Sözünü ettiğiniz bu hikâyelerin bazılarında kurgu az bazılarında çok, bazılarının ise tamamı kurgu... Bir metnin, gerçek anlamda hikâye olabilmesi için mutlaka kurgulanmış olması gerekir. Bu itibarla kurgu az veya çok var. Aslında kurgu ne kadar çok olursa teknik ve edebi yönü o kadar güçlü oluyor hikâyenin... Hikâyeleri niçin bu ülkelerde şekillendirdim? Şunun için: Özbekistan, ilk bağımsızlık yıllarında gidip üç sene Türkçe öğrettiğim bir kardeş ülke idi. Hikâyede mekân ve olay olarak bu ülkenin seçilmesi gelecekte iki ülke edebiyatı arasında bağların ve ortak noktaların çoğalması ve güçlenmesi anlamına geliyor. Ayrıca bu ülkede bulunduğum süre içinde bende yer eden bazı olayları farklı bir şekilde kurgulayarak hikâyeleri gizemli hâle getirmek istedim. Bir bakıma sizin dediğiniz gibi heybemizdekini paylaştık okurla ama bu hatıralarımızı paylaştığımız anlamına gelmiyor. Çünkü Avustralya'da da iki sene kalmıştım; nitekim "Sultanın Hizmetkârı" isimli hikâye de orada geçiyor. Bazı okurlar hatıra gibi yorumlamışlar bu hikâyeleri. Oysa öyle değil... Hatıra üslubuyla yazılmış hikâyeler onlar... Kurgusal yanı olan metinler yani... Nitekim kurgunun hiç karışmadığı hatıralarımızı "Dünyanın Dibi Avustralya" ismiyle kitaplaştırdık. "Bir Hasret Ülkesi" isimli hikâye, evet Burma'da geçiyor. Burada bulunmadım ama burada bulunan birisinden dinlediklerim vardı.
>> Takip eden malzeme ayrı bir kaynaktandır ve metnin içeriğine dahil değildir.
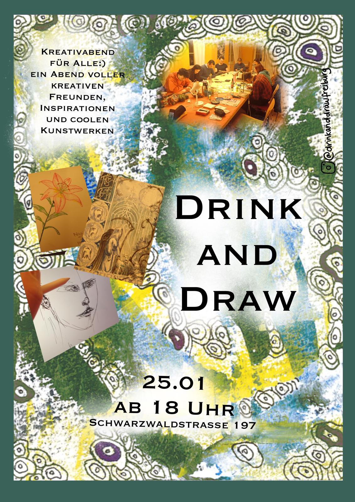 Drink and Draw ist ein offener Kreativtreff für alle den Spaß an kreativen jeglicher Art haben. Für einen Abend im Monat wird unser Raum zu einem gemeinsamen Wohnzimmer, indem die unterschiedlichsten Kunstwerke entstehen und Freunde mit gleichen kreativen Interessen sich treffen und inspirieren können.

Hayır, yanılmıyorsunuz ama doğrusu ben hikâyelerde bu "kader metaforu"nu derinlere sakladığım için birçok okurun bunu fark edemeyeceğini düşünmüştüm. Siz bunu söyleyince memnuniyet duydum. Kader, kaçamadığımız bir yazgı. Kaçabilseydik bile bu da yine kaderin içinde bir parça olurdu... Yeryüzünün herhangi bir yerinde cereyan eden en küçük bir olay bile sebepsiz ve tesadüfî değildir. Bu gerçek, kitabı oluşturan bütün hikâyelerin en derin ve ana temasıdır. Bu ana temanın dışında her hikâyenin kendi içinde birtakım irili ufaklı temaları var. Kitabı oluşturan hikâyelerin tamamında bu "kader birliği" kendini hissettirir. Çünkü hikâyedeki karakterler ile hikâyenin geçtiği ülkelerin insanları arasında uygunluk vardır. Ayrıca o ülkelerin insanları ile bizim ülkemizin insanları arasında da bir "kader birliği" vardır. Meselâ: O ülkelerle bizim ülkemiz arasında dil birliği, din birliği ya da en azından "hüzün, yokluk, sıkıntı" gibi ortak kavramlara aşinalık vardır. Bu itibarla sizin fark ettiğiniz konu doğru ve önemli... Yani hikâyelerin geçtiği ülkelerin insanları ile beraber hikâyelerdeki karakterler de kendi kaderini yaşıyor. Okur da bu kadere ortak oluyor, bu arada hikâyelerin yazarı da kendi kaderini yaşamaya devam ediyor.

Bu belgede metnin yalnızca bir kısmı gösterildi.